Analysis

Norges Bank Preview: Unchanged rates and 'on hold' stance to be repeated

  • Norges Bank is expected to leave the policy rate unchanged at 1.50% and signal unchanged rates for the coming period.
  • This is an interim meeting, with no monetary policy report or press conference, and at which NB has tended to provide very little news in recent years.
  • We expect no market reaction upon announcement.

What to expect : We expect no new signals from Norges Bank (NB) at its monetary policy meeting on 23 January. Hence, we expect NB to leave the policy rate at 1.50% and reiterate that rates most likely will remain unchanged in the period ahead. Note that this is an interim meeting with no monetary policy report, rate path or press conference. Indeed in recent years, NB has tended to give very little new information at these interim meetings which fall only one month after the last monetary policy report.
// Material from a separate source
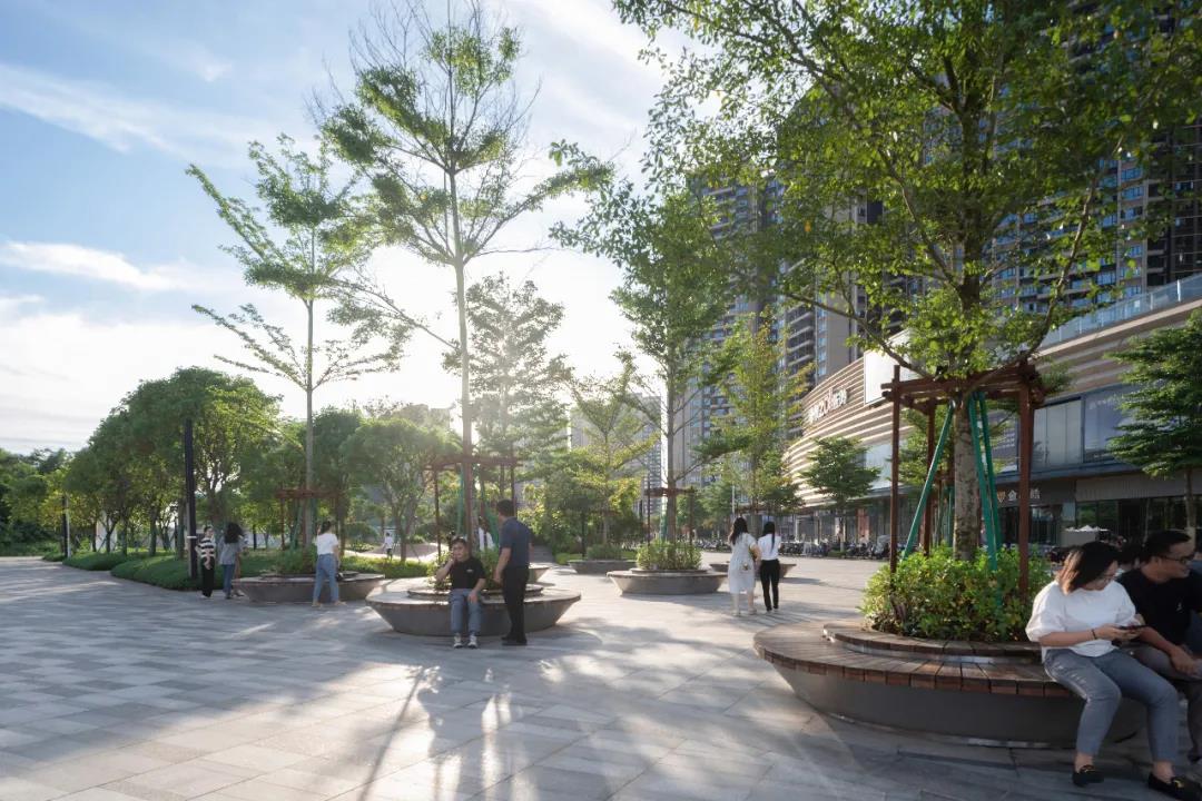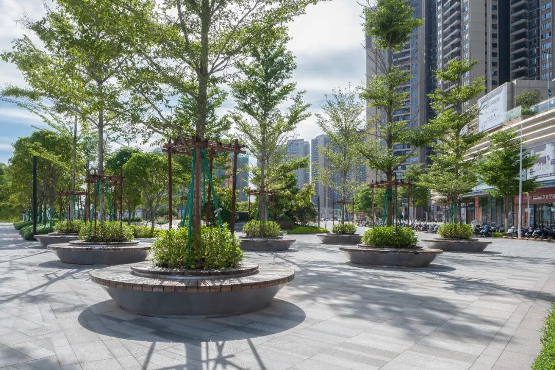 簡(jiǎn)潔大氣的設(shè)計(jì)與植物具有引導(dǎo)性和連續(xù)性,主要采用大喬木加地被的種植方式,地被采用耐修剪植物營(yíng)造整潔的公共空間。在一定程度上保證了人的視線范圍內(nèi)的通透性,同時(shí)提供林蔭給行人,營(yíng)造爽朗通透的景觀,于綠影斑駁中盡享慵懶舒適的愜意生活。

At the meeting in December, NB stated that 'the policy rate will most likely remain at this level in the coming period'. Meanwhile, the rate path implicitly suggested a 40% probability of a 2020 hike, highlighting a modest bias towards further tightening.

Since then, key figures have been a bit disappointing. Mainland GDP increased by 0.3% in the three-month period from September to November. This is the lowest rate for more than three years and confirms that the economy entered a clear slowdown phase towards the end of 2019. However, this should be in line with the signals from the Regional Network Survey published in December, and is only marginally lower than the NB forecast from December.

Also, core inflation fell to 1.8% y/y in December, against the expected 1.9% in the December MPR. We still believe that the risk of a stronger disinflationary trend is limited. Although growth has slowed down, capacity utilisation is still high, and wage growth will remain in the 3.2-3.4% region going forward. This means that domestic inflation (weight of 2/3) is most likely to stay up. At the same time, we expect the NOK depreciation through the second half of last year to gradually turn into higher imported inflation (1/3) in 2020 (Chart 3). Hence, we expect NB to put less emphasis on the marginally lower inflation print as long as the medium-term inflation drivers remain positive.

On the other hand, the import-weighted NOK has appreciated and is currently around 1% stronger than expected in the MPR in December. If this continues, it could affect the rate settings later in 2020, but neither the level nor the pace of the appreciation should cause any major concerns at this juncture.

If we are right in our broad consensus call, it should have virtually no market impact upon announcement. As Table 1 on page 2 shows the short interim NB meetings have generally failed to trigger substantial market moves since press conferences were removed from the interim meetings in 2017.

Our base case remains a fifth NB rate hike in 2020 (in June), but the probability of this call materialising has arguably fallen in recent weeks. We estimate a true probability of another NB hike as marginally higher than 50% given the recent news flow. In comparison, markets price roughly 2bp and 5bp worth of cuts (accumulative) for end-2020 and end-2021, respectively. Hence we still see value in positioning for higher short-end rates.